··· EXERCISE INPUTS
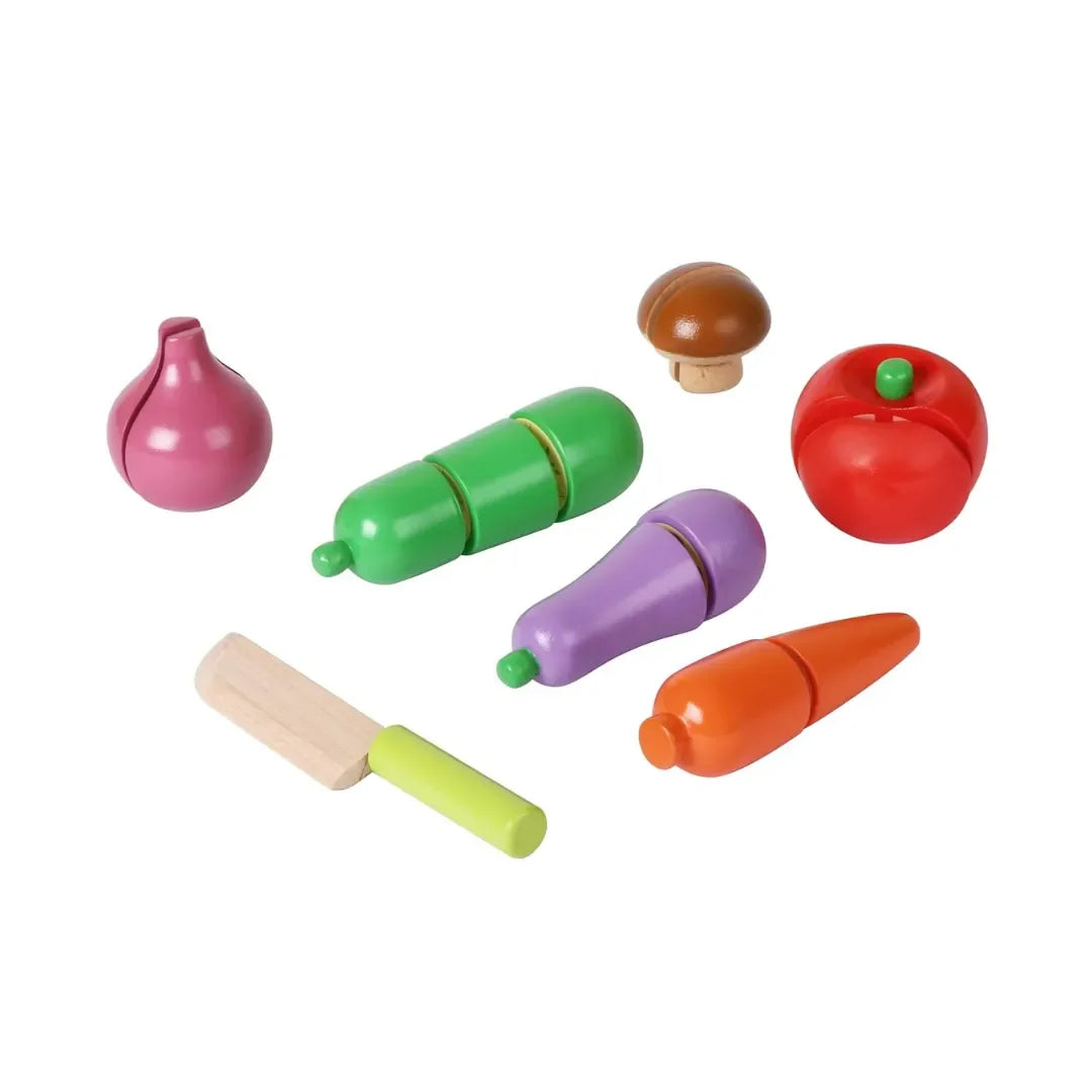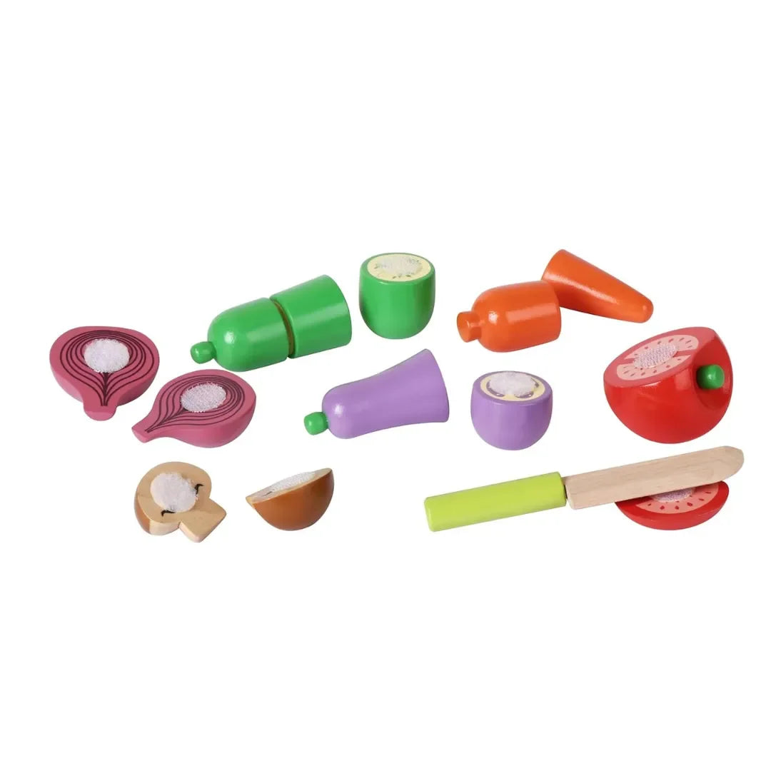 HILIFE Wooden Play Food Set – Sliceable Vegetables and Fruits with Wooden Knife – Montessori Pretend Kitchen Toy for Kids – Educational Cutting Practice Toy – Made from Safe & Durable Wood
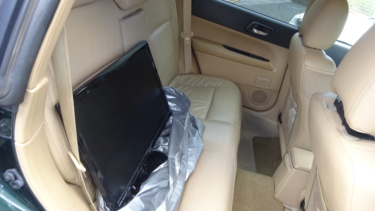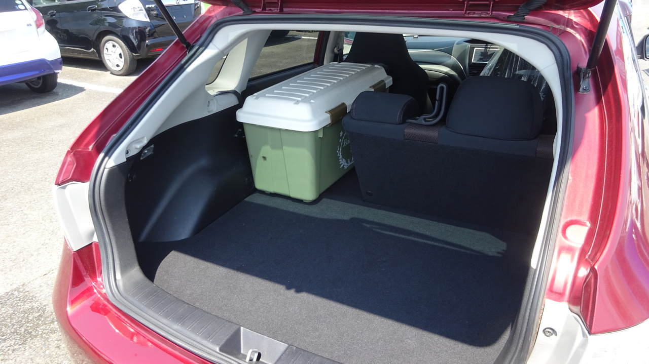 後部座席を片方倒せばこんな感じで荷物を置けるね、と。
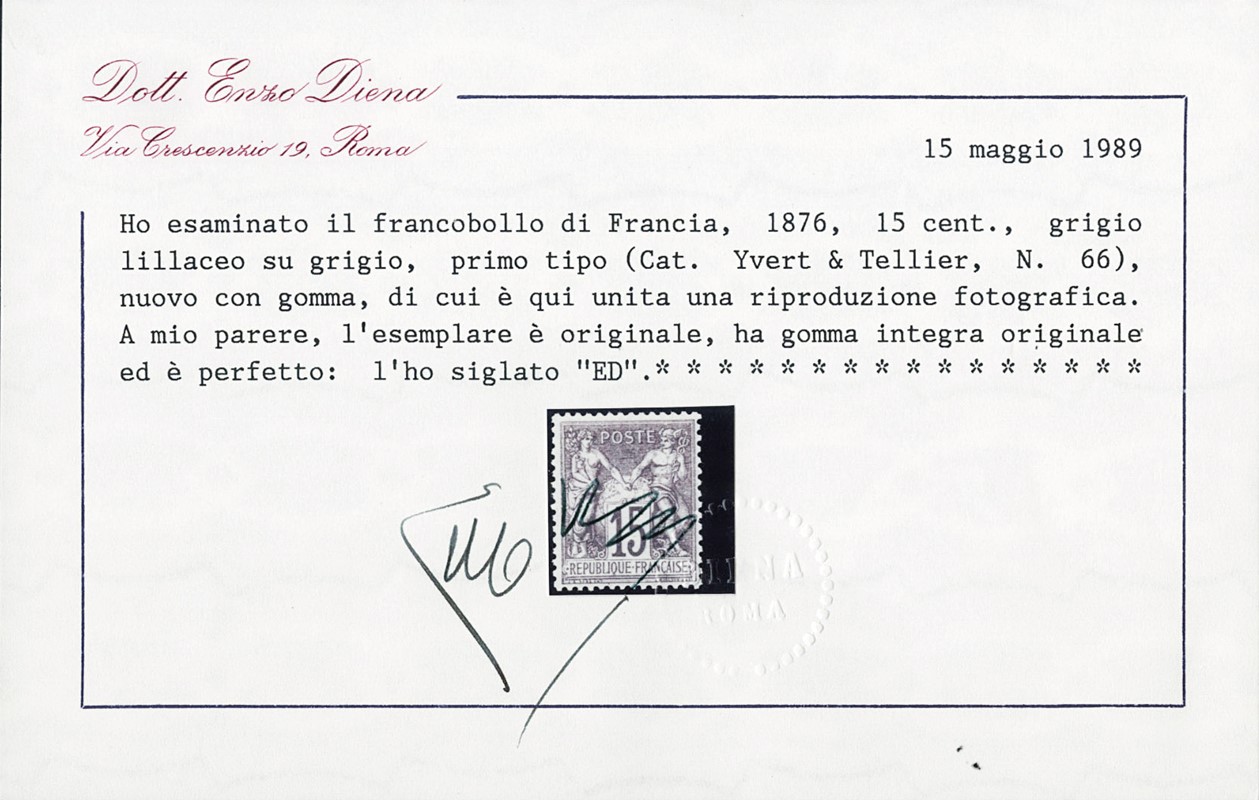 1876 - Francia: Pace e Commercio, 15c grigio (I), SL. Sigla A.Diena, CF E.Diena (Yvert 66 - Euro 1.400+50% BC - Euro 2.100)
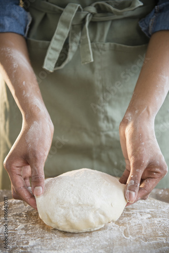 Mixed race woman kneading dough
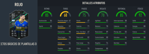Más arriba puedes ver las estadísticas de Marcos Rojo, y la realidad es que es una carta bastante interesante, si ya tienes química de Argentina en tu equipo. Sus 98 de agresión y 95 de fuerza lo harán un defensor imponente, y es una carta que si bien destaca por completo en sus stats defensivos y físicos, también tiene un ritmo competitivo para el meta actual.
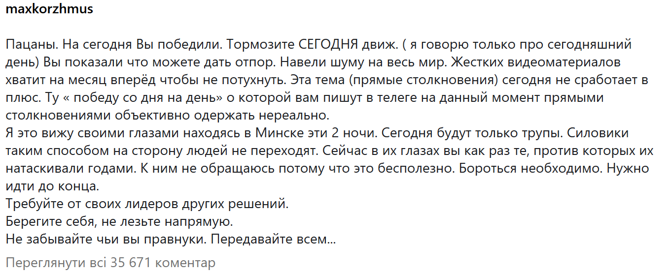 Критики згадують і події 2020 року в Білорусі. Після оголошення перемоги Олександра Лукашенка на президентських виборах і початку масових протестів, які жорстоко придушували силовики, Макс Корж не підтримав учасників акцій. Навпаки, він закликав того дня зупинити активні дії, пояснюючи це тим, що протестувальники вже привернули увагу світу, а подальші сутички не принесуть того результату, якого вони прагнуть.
······
• [REQUIRED ACTION] Output a verbatim copy of all entries above; no pictures go in it.

• [SOLVED PROBLEM]
 HILIFE Wooden Play Food Set – Sliceable Vegetables and Fruits with Wooden Knife – Montessori Pretend Kitchen Toy for Kids – Educational Cutting Practice Toy – Made from Safe & Durable Wood
 後部座席を片方倒せばこんな感じで荷物を置けるね、と。
 1876 - Francia: Pace e Commercio, 15c grigio (I), SL. Sigla A.Diena, CF E.Diena (Yvert 66 - Euro 1.400+50% BC - Euro 2.100)
 Mixed race woman kneading dough
Más arriba puedes ver las estadísticas de Marcos Rojo, y la realidad es que es una carta bastante interesante, si ya tienes química de Argentina en tu equipo. Sus 98 de agresión y 95 de fuerza lo harán un defensor imponente, y es una carta que si bien destaca por completo en sus stats defensivos y físicos, también tiene un ritmo competitivo para el meta actual.
 Критики згадують і події 2020 року в Білорусі. Після оголошення перемоги Олександра Лукашенка на президентських виборах і початку масових протестів, які жорстоко придушували силовики, Макс Корж не підтримав учасників акцій. Навпаки, він закликав того дня зупинити активні дії, пояснюючи це тим, що протестувальники вже привернули увагу світу, а подальші сутички не принесуть того результату, якого вони прагнуть.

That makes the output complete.